Your output must be the lines below from the line containing "Не знаю как" to the line containing "Villanueva Modern Saddle", both lines included, reproduced exactly and without pictures.
START GIVEN ENTRIES
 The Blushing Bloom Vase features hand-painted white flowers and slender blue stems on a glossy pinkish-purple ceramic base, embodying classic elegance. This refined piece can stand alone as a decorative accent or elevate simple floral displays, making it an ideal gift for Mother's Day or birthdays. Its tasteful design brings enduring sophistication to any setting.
END GIVEN ENTRIES
START GIVEN ENTRIES
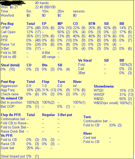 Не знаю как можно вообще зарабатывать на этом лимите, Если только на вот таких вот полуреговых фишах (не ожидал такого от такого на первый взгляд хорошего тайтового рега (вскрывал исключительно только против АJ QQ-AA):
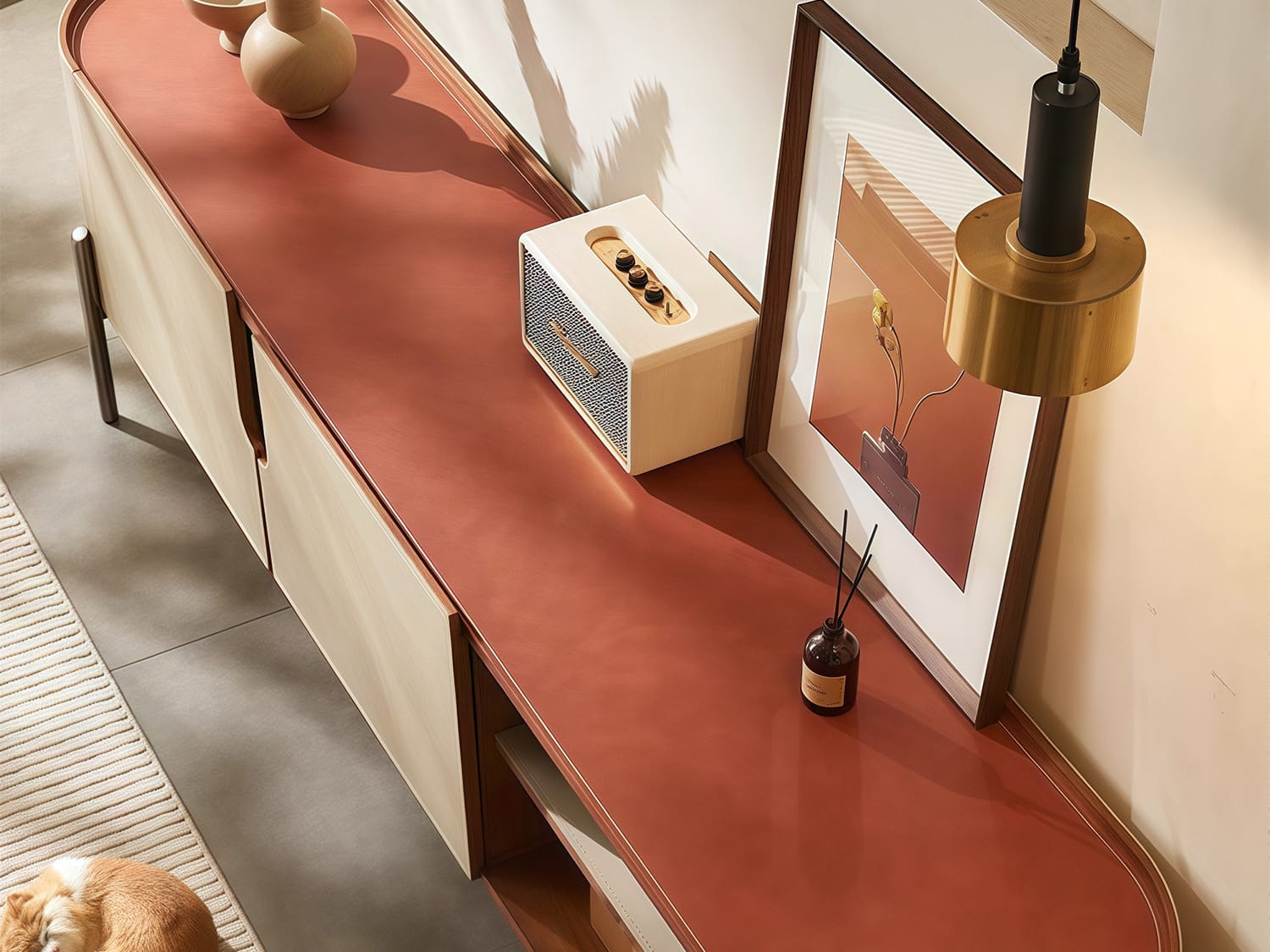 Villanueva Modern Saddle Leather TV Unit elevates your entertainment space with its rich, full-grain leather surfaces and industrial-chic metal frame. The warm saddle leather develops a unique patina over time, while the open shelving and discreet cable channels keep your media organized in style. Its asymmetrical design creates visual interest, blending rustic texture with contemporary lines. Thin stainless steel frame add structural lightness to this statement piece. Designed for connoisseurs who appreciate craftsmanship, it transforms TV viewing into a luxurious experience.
END GIVEN ENTRIES
ANSWER TO THE EXERCISE:
 Не знаю как можно вообще зарабатывать на этом лимите, Если только на вот таких вот полуреговых фишах (не ожидал такого от такого на первый взгляд хорошего тайтового рега (вскрывал исключительно только против АJ QQ-AA):
 Villanueva Modern Saddle Leather TV Unit elevates your entertainment space with its rich, full-grain leather surfaces and industrial-chic metal frame. The warm saddle leather develops a unique patina over time, while the open shelving and discreet cable channels keep your media organized in style. Its asymmetrical design creates visual interest, blending rustic texture with contemporary lines. Thin stainless steel frame add structural lightness to this statement piece. Designed for connoisseurs who appreciate craftsmanship, it transforms TV viewing into a luxurious experience.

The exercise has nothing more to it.